WORK ITEM
Your answer must be the full listing, reproduced exactly, minus any pictures.

INPUT FOR THIS TASK
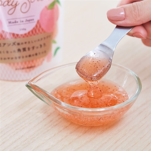 でんぷんベースと天然アンズ核のやさしいスクラブで古い角質をすっきり取り除く、もっちり感触のマッサージスクラブ。
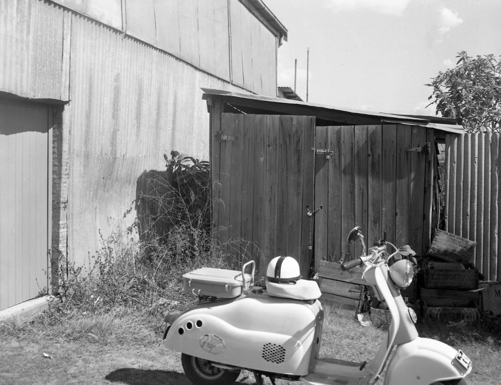 - Pigeon Scooter in backyard at Graceville, 1959 (BCC)
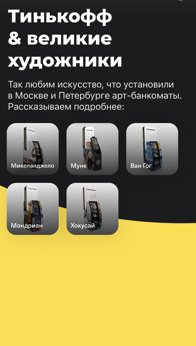 Так, Тинькофф брендирует свои банкоматы картинами великих художников различных эпох. "Арт-банкоматы" украсили Москву и Петербург, выделяясь на фоне других машин в фирменных цветах банков, тем самым прорываясь через визуальный шум, привлекая к себе внимание и вызывая уважение к бренду, который сделал из своего оборудования картинную галерею.
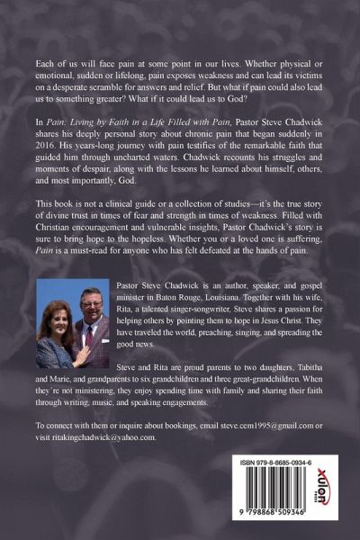 Each of us will face pain at some point in our lives. Whether physical or emotional, sudden or lifelong, pain exposes weakness and can lead its victims on a desperate scramble for answers and relief. But what if pain could also lead us to something greater? What if it could lead us to God? In Pain: Living by Faith in a Life Filled with Pain, Pastor Steve Chadwick shares his deeply personal story about chronic pain that began suddenly in 2016. His years-long journey with pain testifies of the remarkable faith that guided him through uncharted waters. Chadwick recounts his struggles and moments of despair, along with the lessons he learned about himself, others, and most importantly, God. This book is not a clinical guide or a collection of studies-it's the true story of divine trust in times of fear and strength in times of weakness. Filled with Christian encouragement and vulnerable insights, Pastor Chadwick's story is sure to bring hope to the hopeless. Whether you or a loved one is suffering, Pain is a must-read for anyone who has felt defeated at the hands of pain. Pastor Steve Chadwick is an author, speaker, and gospel minister in Baton Rouge, Louisiana. Together with his wife, Rita, a talented singer-songwriter, Steve shares a passion for helping others by pointing them to hope in Jesus Christ. They have traveled the world, preaching, singing, and spreading the good news. Steve and Rita are proud parents to two daughters, Tabitha and Marie, and grandparents to six grandchildren and three great-grandchildren. When they're not ministering, they enjoy spending time with family and sharing their faith through writing, music, and speaking engagements. To connect with them or inquire about bookings, email steve.cem1995@gmail.com or visit ritakingchadwick@yahoo.com.
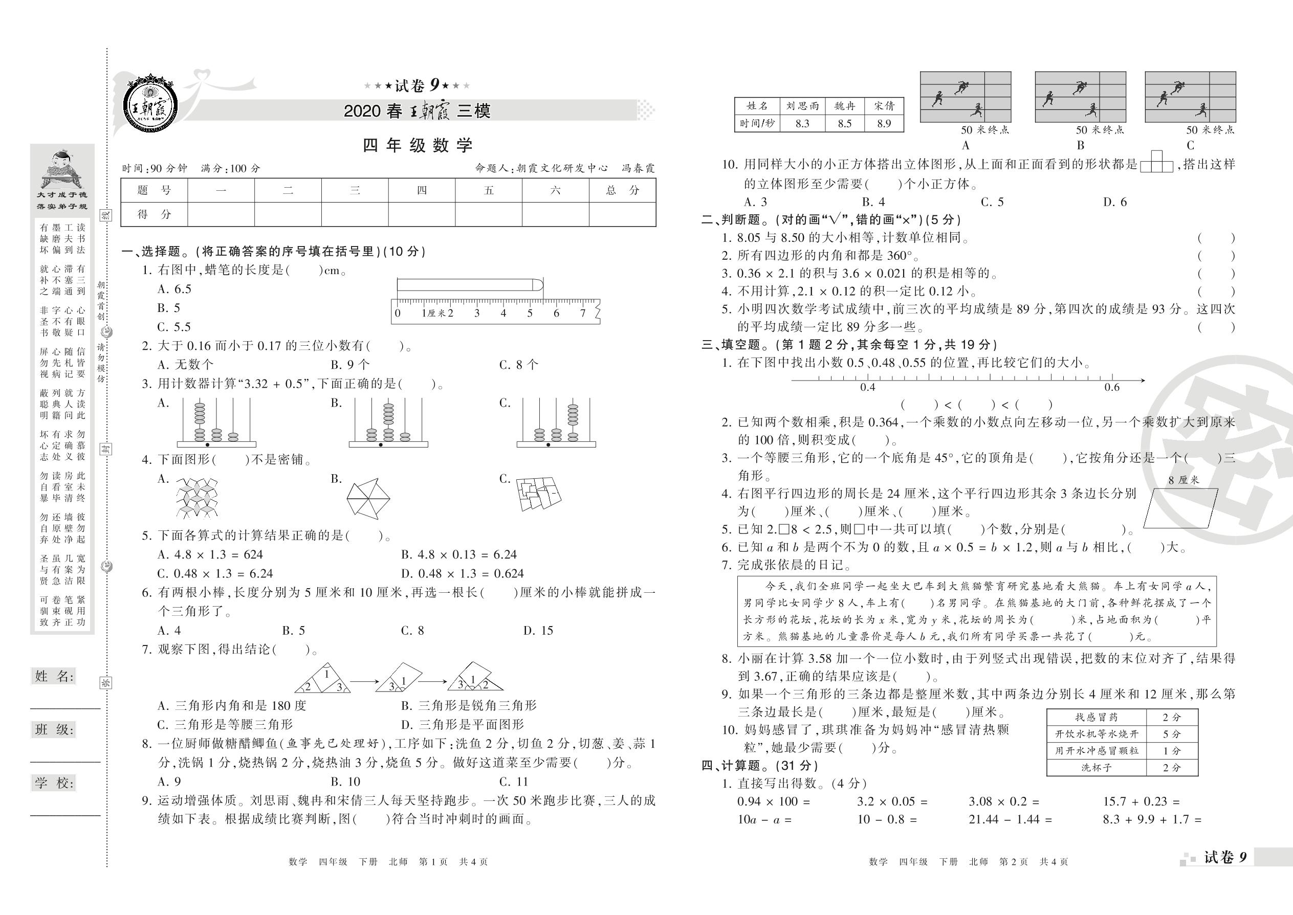 王朝霞期末模拟卷四年级下册数学(北师版)_R210804142518【9】

OUTPUT
 でんぷんベースと天然アンズ核のやさしいスクラブで古い角質をすっきり取り除く、もっちり感触のマッサージスクラブ。
 - Pigeon Scooter in backyard at Graceville, 1959 (BCC)
 Так, Тинькофф брендирует свои банкоматы картинами великих художников различных эпох. "Арт-банкоматы" украсили Москву и Петербург, выделяясь на фоне других машин в фирменных цветах банков, тем самым прорываясь через визуальный шум, привлекая к себе внимание и вызывая уважение к бренду, который сделал из своего оборудования картинную галерею.
 Each of us will face pain at some point in our lives. Whether physical or emotional, sudden or lifelong, pain exposes weakness and can lead its victims on a desperate scramble for answers and relief. But what if pain could also lead us to something greater? What if it could lead us to God? In Pain: Living by Faith in a Life Filled with Pain, Pastor Steve Chadwick shares his deeply personal story about chronic pain that began suddenly in 2016. His years-long journey with pain testifies of the remarkable faith that guided him through uncharted waters. Chadwick recounts his struggles and moments of despair, along with the lessons he learned about himself, others, and most importantly, God. This book is not a clinical guide or a collection of studies-it's the true story of divine trust in times of fear and strength in times of weakness. Filled with Christian encouragement and vulnerable insights, Pastor Chadwick's story is sure to bring hope to the hopeless. Whether you or a loved one is suffering, Pain is a must-read for anyone who has felt defeated at the hands of pain. Pastor Steve Chadwick is an author, speaker, and gospel minister in Baton Rouge, Louisiana. Together with his wife, Rita, a talented singer-songwriter, Steve shares a passion for helping others by pointing them to hope in Jesus Christ. They have traveled the world, preaching, singing, and spreading the good news. Steve and Rita are proud parents to two daughters, Tabitha and Marie, and grandparents to six grandchildren and three great-grandchildren. When they're not ministering, they enjoy spending time with family and sharing their faith through writing, music, and speaking engagements. To connect with them or inquire about bookings, email steve.cem1995@gmail.com or visit ritakingchadwick@yahoo.com.
 王朝霞期末模拟卷四年级下册数学(北师版)_R210804142518【9】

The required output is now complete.